La rupture de la digue pourrait ainsi avoir pour origine une combinaison de plusieurs facteurs :

  • des défauts de conception et de construction
  • une fragilisation du sous-sol argileux, attaqué par les effluents acides, et accentuée par les fortes pressions exercées par l’eau et les boues,
  • un sur-remplissage des bassins.

Des rapports d’experts avaient pourtant révélé en 1995 et en 1996 l’instabilité de la digue (suintements, glissements de terrains…). L’exploitant avait alors renforcé l’étanchéité de la digue et mis en place un dispositif permettant de détecter ses mouvements. En 1997, compte-tenu de ces mesures et bien que des déformations des inclinomètres aient été observées, les autorités avaient permis à l’exploitant de relever la digue pour accroître la capacité du bassin. Quelques semaines avant l’accident, une inspection des bassins de stockage par les autorités régionales andalouses n’avait toutefois révélé aucun défaut.

Les enseignements à en tirer

Deux ans après l’accident d’Aznalcollar, la rupture d’un bassin de stockage d’effluents miniers est à nouveau à l’origine d’une grave pollution en Europe (Baia Mare – Roumanie – n°ARIA 17 265). La gravité et la répétition de ce type d’accidents ont conduit à renforcer la législation européenne sur la gestion des déchets miniers.

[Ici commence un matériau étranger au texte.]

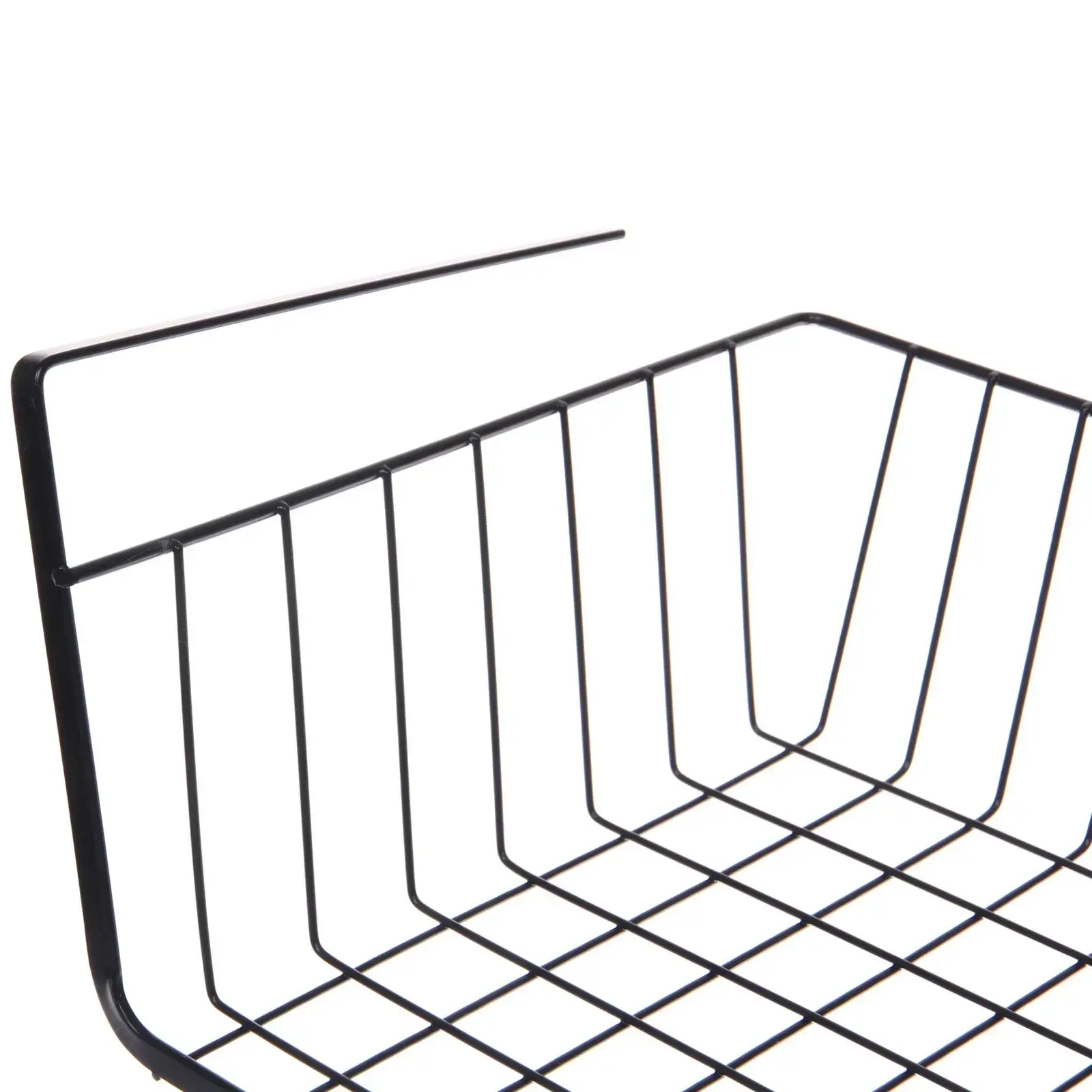 Прочная конструкция выдерживает до 15 кг благодаря перекрёстному плетению металлических прутьев. Боковые крепления-ручки позволяют зафиксировать корзину на крюках или полкодержателях. Лёгкая чистка влажной тканью сохранит презентабельный вид.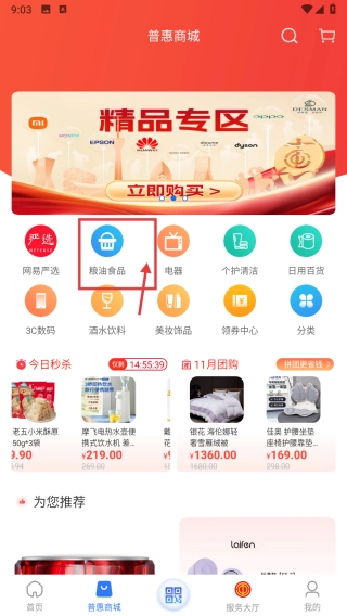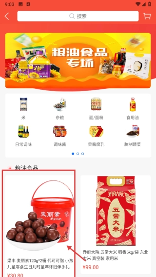 在普惠商城页面,点击粮油食品分类标签,进入粮油食品商品列表页。

Il a été procédé à modification de la Directive « SEVESO 2 » le 16/12/2003 afin d’y inclure explicitement le traitement des minerais (et en particulier les bassins de décantation des déchets miniers) ou les digues dont l’usage est lié à ce traitement et parution de la Directive n° 2006/21/CE du 15 mars 2006, relative à la gestion des déchets de l’industrie extractive. Elles visent tout particulièrement à prévoir :

  • une description des déchets et leur classification (risques pour la santé humaine, pour l’environnement…)
  • des études géologiques et hydrogéologiques (stabilité du sol et du sous-sol, adaptabilité aux types de déchets et aux quantités stockées, proximité d’une nappe phréatique…),
  • un système de gestion de la sécurité (comportant notamment une évaluation détaillée des risques fondée sur les scénarii d’accidents possibles : affaissements, glissements de terrain, inondation, rupture de digue…)
  • des plans d’urgence déterminant les mesures à prendre par l’exploitant et par les autorités dans et hors du site, afin de réduire l’impact d’un accident sur la santé humaine et l’environnement.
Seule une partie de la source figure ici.